Un interesante campo, para quien observe con la debida distancia a la civilización contemporánea, se refiere a la manera como resulta ‘fabricada’ la así llamada opinión pública, esta presunta soberana del mundo de las democracias, así como también el misterio que se esconde detrás del éxito de ésta o de aquella teoría, a través del eco que suscita una u otra de las consignas hoy en boga. Ya al usar en el primer caso el término ‘fabricar’, hemos querido significar que tales procesos en gran parte no son ‘espontáneos’ o determinados por factores contingentes. En especial en lo referente a los ejemplos más importantes podemos decir que los mismos son provocados o dirigidos por medio de oportunas sugestiones o por acciones efectuadas, por así decirlo, por detrás de los bastidores.
Pero además de este dominio que tiene relación sobre todo con el mundo de la política y de las ideas o de las ideologías predominantes, entra aquí en cuestión, para el mencionado estudio, un dominio menor, referido al arte, a la cultura y a la literatura. También aquí quien es capaz de una mirada distanciada no puede no ser impactado por el papel que cumplen los factores irracionales y las corrientes en gran medida fabricadas por la moda, por el gusto y el interés. Es en los tiempos modernos que, por efecto de todo aquello que ha sido considerado como la apertura y difusión de la cultura, este fenómeno ha tenido un carácter esencial, lo cual por lo demás es natural: es una consecuencia por un lado del incremento de los órganos de información y de difusión en manos de camarillas de críticos y de intelectuales, por la otra, justamente por el acrecentamiento democrático del público, mucho más allá de los restringidos círculos más calificados de aquellos que anteriormente disfrutaban verdaderamente de los bienes de la cultura y del arte.

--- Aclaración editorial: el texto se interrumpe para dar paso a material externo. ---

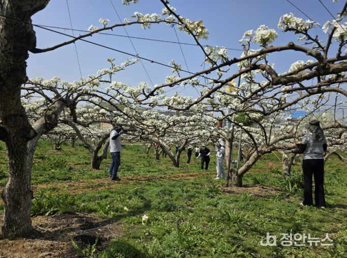 정안뉴스 안정주 기자 | 아산시가 본격적인 영농철을 맞아 농촌 인구 감소와 고령화로 어려움을 겪고 있는 과수 농가를 위해 지난 4월 12일부터 16일까지 ‘아산맑은배 인공수분(화접) 지원 일손돕기’를 대대적으로 추진했다.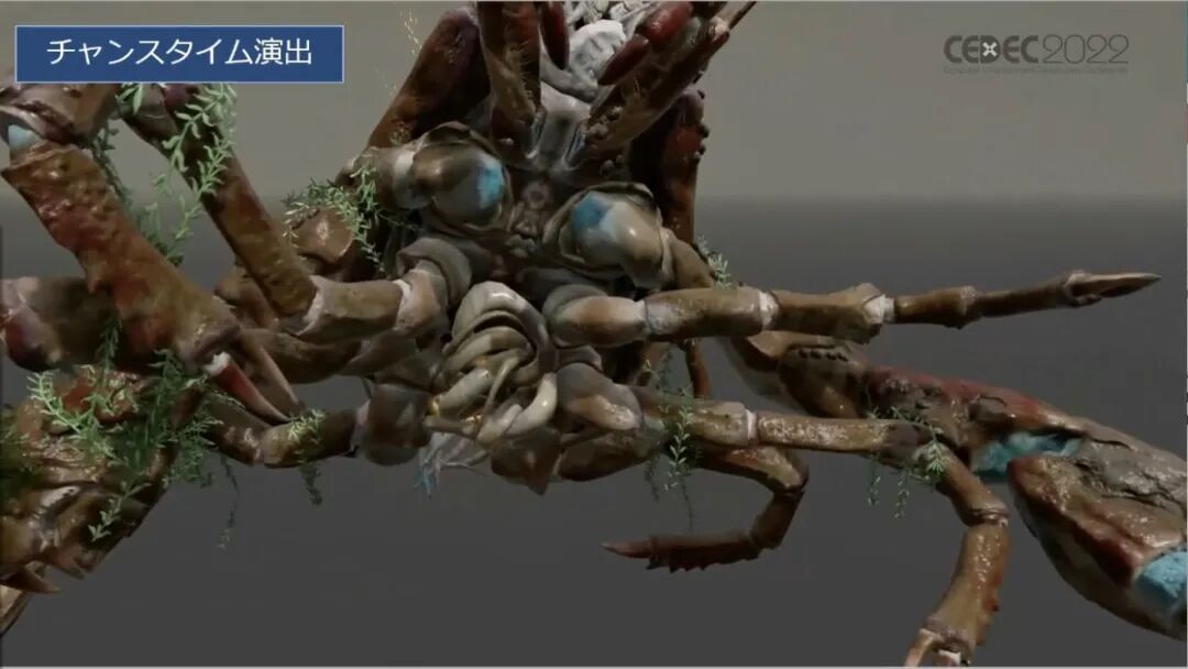 在游戏中,如果大鳌虾受到适当的伤害,它会后退并露出肚皮,而腹部中央出现的类似水蛭的寄生虫正是游戏中设计的一个可被攻击的弱点,寄生虫剧烈蠕动,但里面没有骨头。这样的设计就完全是源自对真实小龙虾和寄生虫关系的观察。

Para considerar el estado actual de las cosas en el uno y el otro de los dos dominios mencionados, no se pude no sonreír por las extravagancias de aquellos para los cuales la humanidad moderna sería aquella que por fin habría arribado intelectualmente a la mayoría de edad y a la capacidad de juzgar por sí misma. La verdad es en cambio que raramente un grado semejante de pasividad, de labilidad y de influenciabilidad se ha jamás registrado en nuestra historia. Comenzando por un fenómeno muy típico de nuestros días cual es el increíble dominio que tiene la publicidad y la existencia en función de la misma de una verdadera y propia ciencia de base psicoanalítica (la MR = motivational research) usada en Norteamérica para influir sobre la parte inconsciente, afectiva e irracional del público y de las masas. Usada primeramente para la venta de productos, se ha podido notar que estas mismas técnicas se han ido utilizando también para el ‘lanzamiento’ de una novela o de un actor y en una campaña presidencial, sin rasgos muy distintos de lo que podría emplearse para promocionar un dentífrico o un electrodoméstico. Que este fenómeno y estas técnicas, que tienen como presupuesto para su éxito una pasividad que arriba incluso a la credulidad y sugestión infantil, sean típicos de la ‘civilización-guía’ que se encuentra a la cabeza del ‘progreso democrático’, es decir de América US, es todo esto también algo natural y significativo.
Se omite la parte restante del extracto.